Surely it is better that the animals people eat "enjoy" their lives, however brief they may be. But that pesky question of "humane slaughter" keeps coming up.

The Brits have an organization called the Humane Slaughter Association that says this on its website:

"Realistic

The majority of the population eats meat and, despite changing attitudes, this is likely to continue. Whilst animals go on being farmed for food, the HSA takes a responsible, objective attitude to what most people prefer to ignore: how their meat reaches the table."

Recently some of HSA's members visited Denmark to learn about " the latest carbon dioxide stunning and killing technology."  There appears to be no way to learn about what humane slaughter is without buying one of this group's publications: Electrical Stunning of Red Meat Animals  or Gas Killing of Chicks in Hatcheries, for example.

Sigh.

October 20, 2006

The French Eat Horses, Don't They?

Horsemeat Yes, but who knew they were gobbling up our own Amurrican horseflesh? Apparently there are three foreign-owned horsemeat factories in the U.S., two in Texas and one in Illinois.  And former "10" heartthrob  Bo Derek, horse lover, is on a campaign to close them down. The House of Representatives recently passed the American Horse Slaughter Act but it's doubtful that the Senate will join them anytime soon.

Much on their plates, as it were--like 73 American soldiers killed in Iraq this month.

Just in case any legislators want to label Ms. Derek a lily-livered lentil eater, she  is quick to announce her loyalty to meat:

"Derek says, "I am not a member of any animal rights organization. I am a big red-meat eater. I live in cattle country. I rope; I brand." To Derek, this is all just about horses."

According to the Washington Post piece, 90,000 horses are slaughtered each year. They represent 26 million pounds of flesh for export to customers in Belgium, Japan, the Netherlands and, of course, France.

American horse breeder Anne Russek says, appalled, that the horses are killed just like cows--and horses, she claims are "smarter" than cows.  Pigs are smarter than either, right? How's that bacon taste, Anne?

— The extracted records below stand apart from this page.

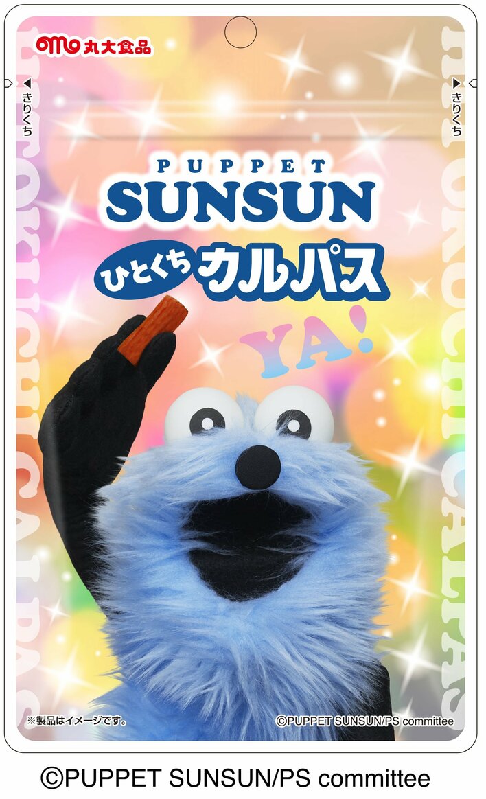大人気キャラクター『パペットスンスン』をパッケージにデザインした「ひとくちカルパス」が、丸大食品より4月上旬から全国のスーパーマーケットなどで発売されました。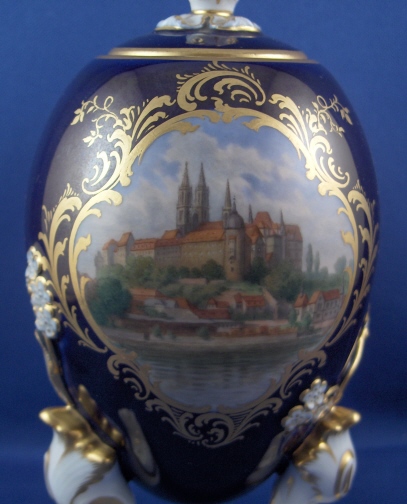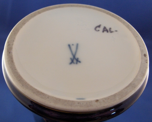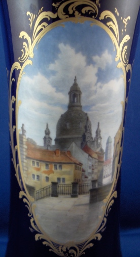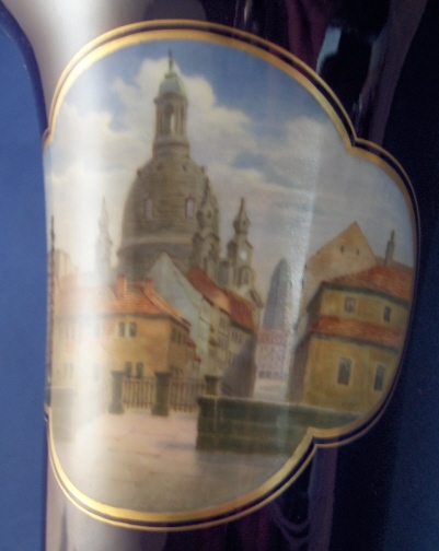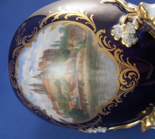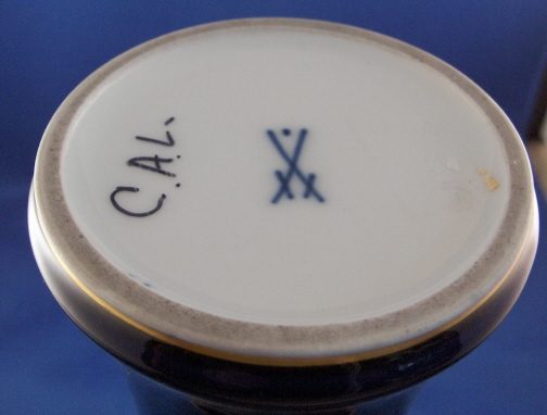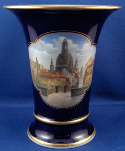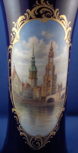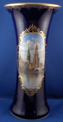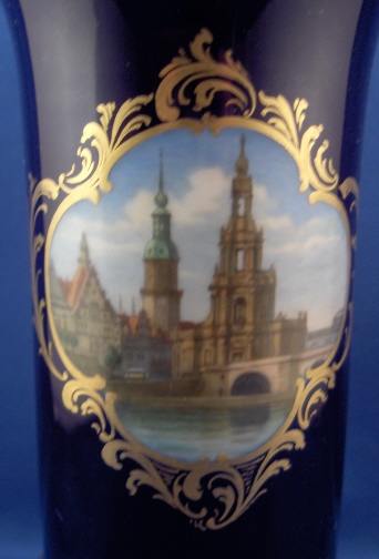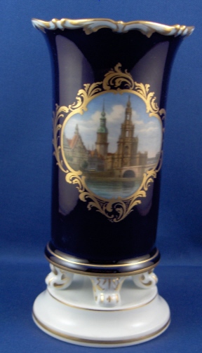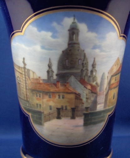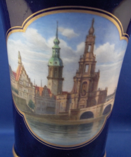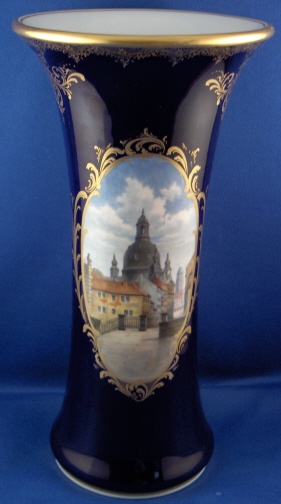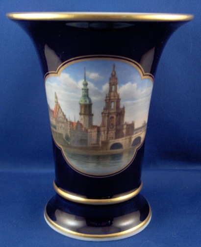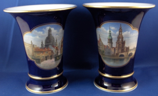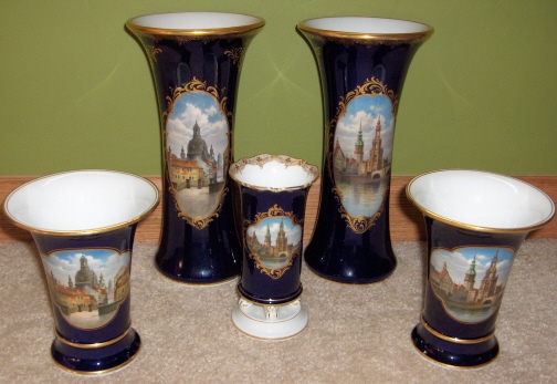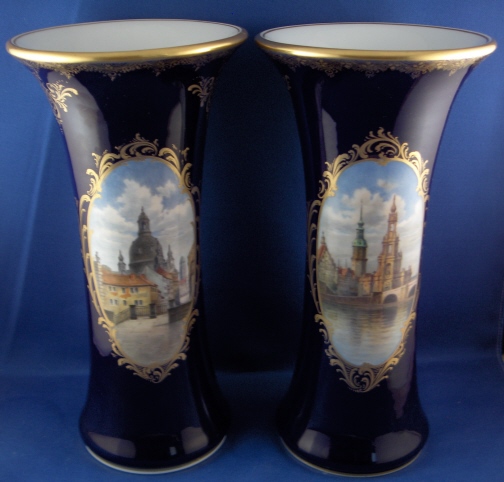 This is probably the nicest set of vases I have ever seen or owned! It is a set of six cobalt ground and scenic vases made by Meissen during the early 20th century until the Pfeiffer period around 1925. All six have a nice cobalt blue ground color with some elegant gilding but the best part is the scenes on each piece which have a touch of Art Nouveau to them which makes sense since they were made during this period. The scenes are of the Frauenkirche - Church of Our Lady in Dresden and the Hofkirche - The Catholic Church of the Royal Courth of Saxony in Dresden. The two pairs of vases each have one of these scenes on them, the small footed vase has the Hofkirche on it and the egg vase has the Albrechtsburg in Meissen on it where Meissen was founded which is extra nice for the collector! This is one superb set and amazingly in perfect condition! The vases are marked underneath with the underglazed blue crossed swords marks as shown. The smaller trumpet vases have the anniversary mark of 1910 on them, the taller vases and the footed vase the Pfeiffer period mark and the egg shaped vase has what is left of the mark from around 1900 with the hilts on it but it is mostly gone due to its location. Some of the usual impressed and incised marks as well as shown. The taller vases are 9.5 inches tall and 4.75 inches in diameter. The trumpet vases are 5.25 inches tall and 4.5 inches in diameter. The small footed vase is 5.5 inches tall and 2.875 inches in diameter. And last but certainly not least the egg shaped lidded piece is 6 inches tall and has a diameter of 3 inches and the legs are 4.25 inches apart at the widest point. Please email me for more information or other pictures.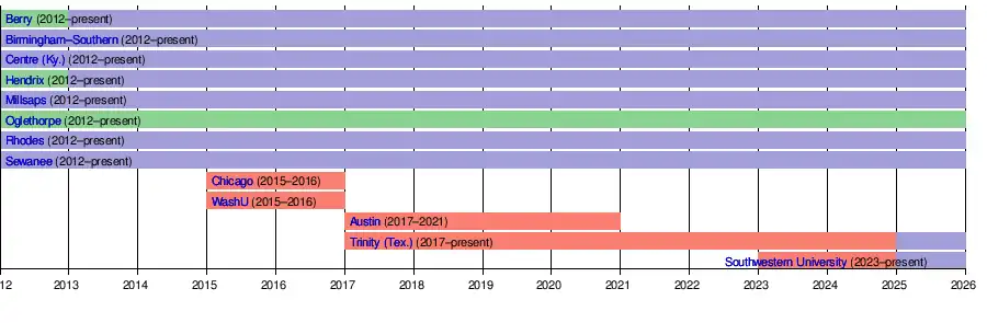 - ↑ "SAA announces that Southwestern University will join the league as an affiliate member in football". August 19, 2021. Retrieved August 19, 2021.

No one has yet figured out how to "properly" kill an animal, has he/she? We don't do terribly well at sending off Death Row prisoners either, not that we're planning to eat them, of course.

(  For what it's worth, I had a whip smart hen once, with a brain the size of a pea, I guess, and she died a natural death in my husband's arms.)

The US Equine  Sanctuary and Rescue website spells everything out in grisly detail.

(Pictured above, horsemeat from China, courtesy Qingdao Century-Light Industry Co., Ltd.)